## Instructions to follow
When you reach the line holding "童德相,1953年生于河南牧", please begin to restate the lines word for word and continue through the last one in the material, excluding pictures.

## Provided material
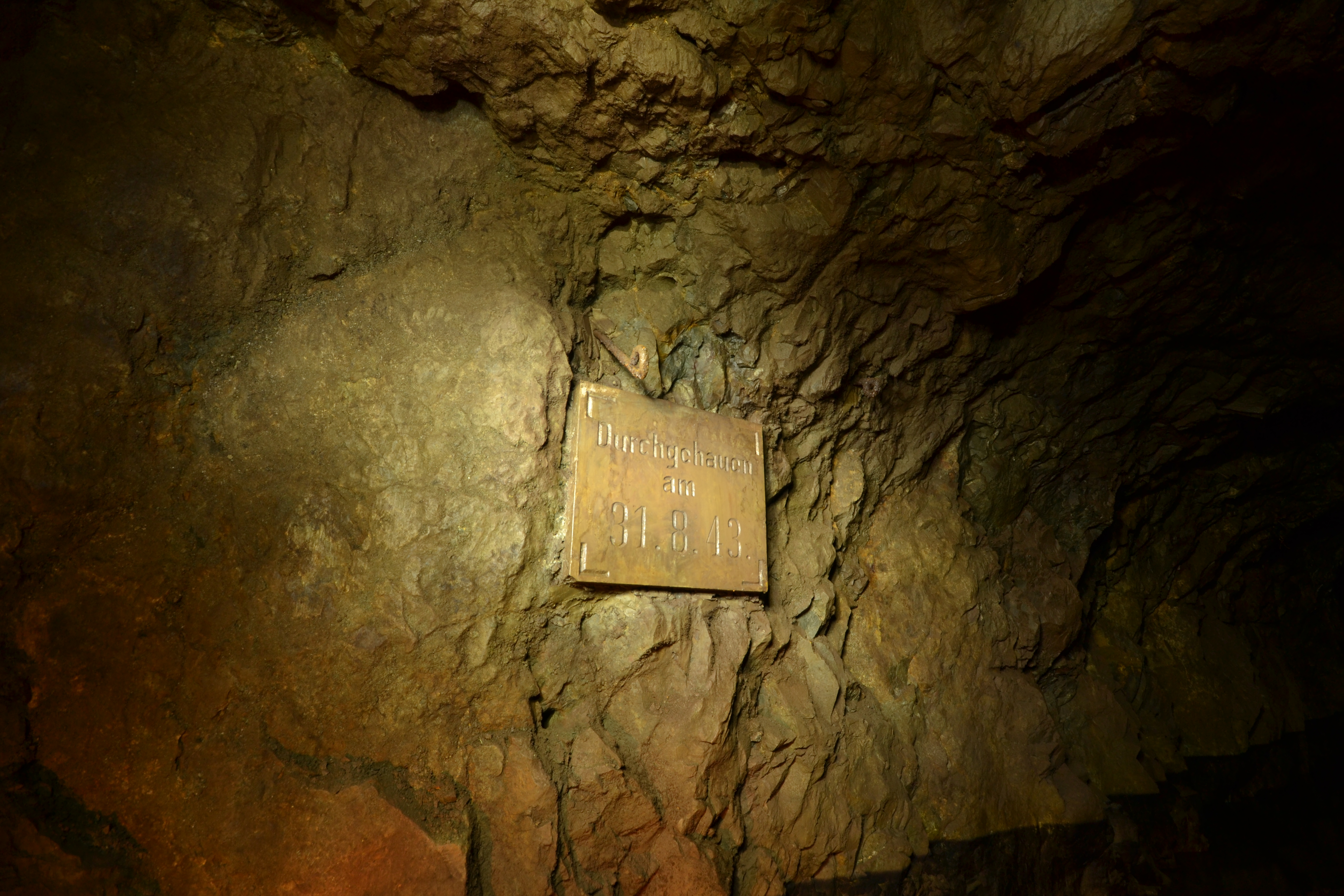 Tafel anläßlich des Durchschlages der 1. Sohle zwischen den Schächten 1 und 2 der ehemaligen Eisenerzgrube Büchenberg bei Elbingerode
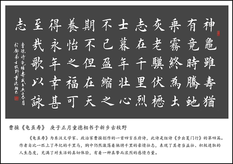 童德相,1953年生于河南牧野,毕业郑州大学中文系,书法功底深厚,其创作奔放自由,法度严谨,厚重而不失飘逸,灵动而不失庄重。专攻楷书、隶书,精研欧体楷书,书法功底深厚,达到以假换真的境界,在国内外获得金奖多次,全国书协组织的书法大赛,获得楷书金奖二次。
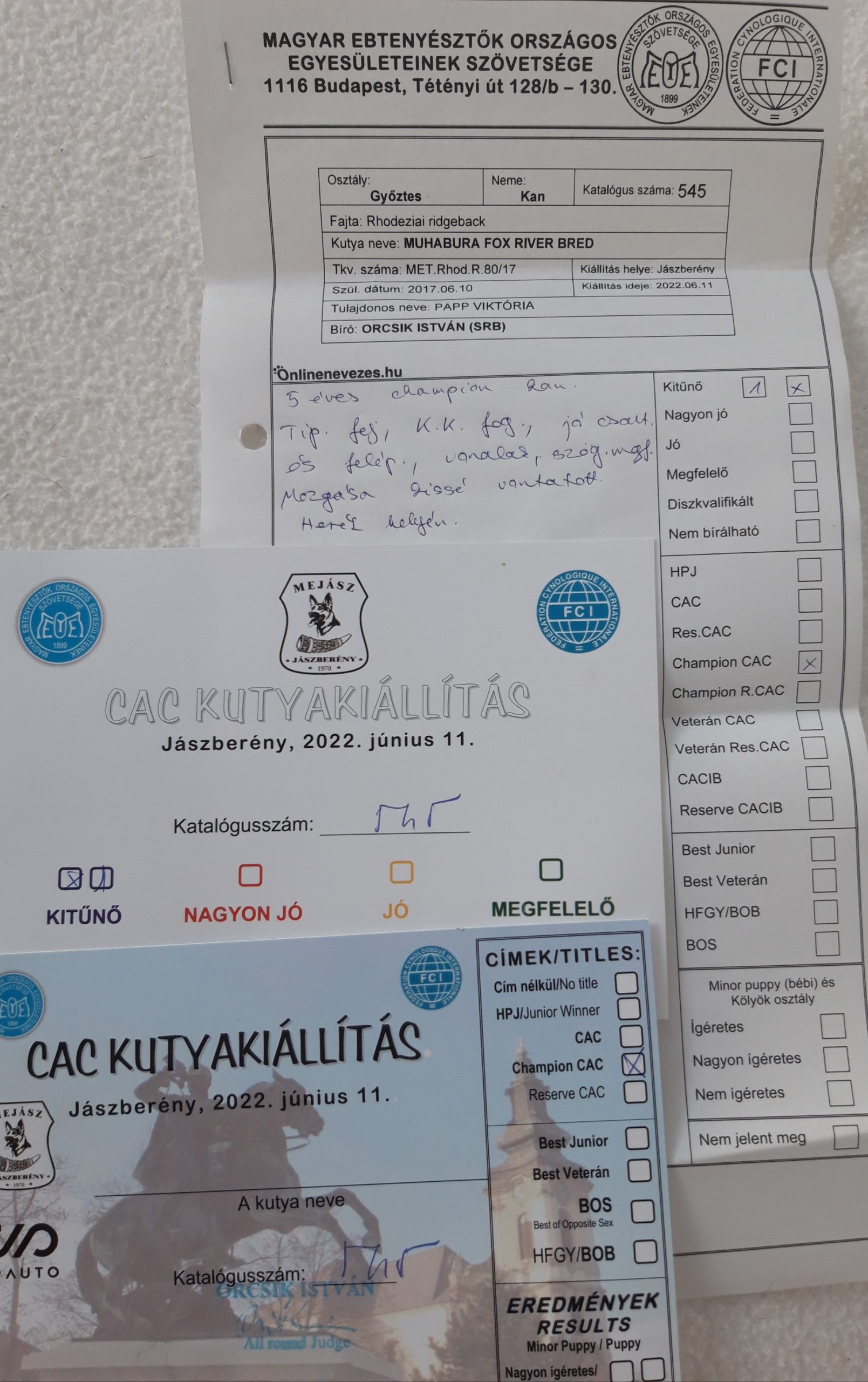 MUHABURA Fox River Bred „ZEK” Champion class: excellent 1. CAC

## Your solution
 童德相,1953年生于河南牧野,毕业郑州大学中文系,书法功底深厚,其创作奔放自由,法度严谨,厚重而不失飘逸,灵动而不失庄重。专攻楷书、隶书,精研欧体楷书,书法功底深厚,达到以假换真的境界,在国内外获得金奖多次,全国书协组织的书法大赛,获得楷书金奖二次。
 MUHABURA Fox River Bred „ZEK” Champion class: excellent 1. CAC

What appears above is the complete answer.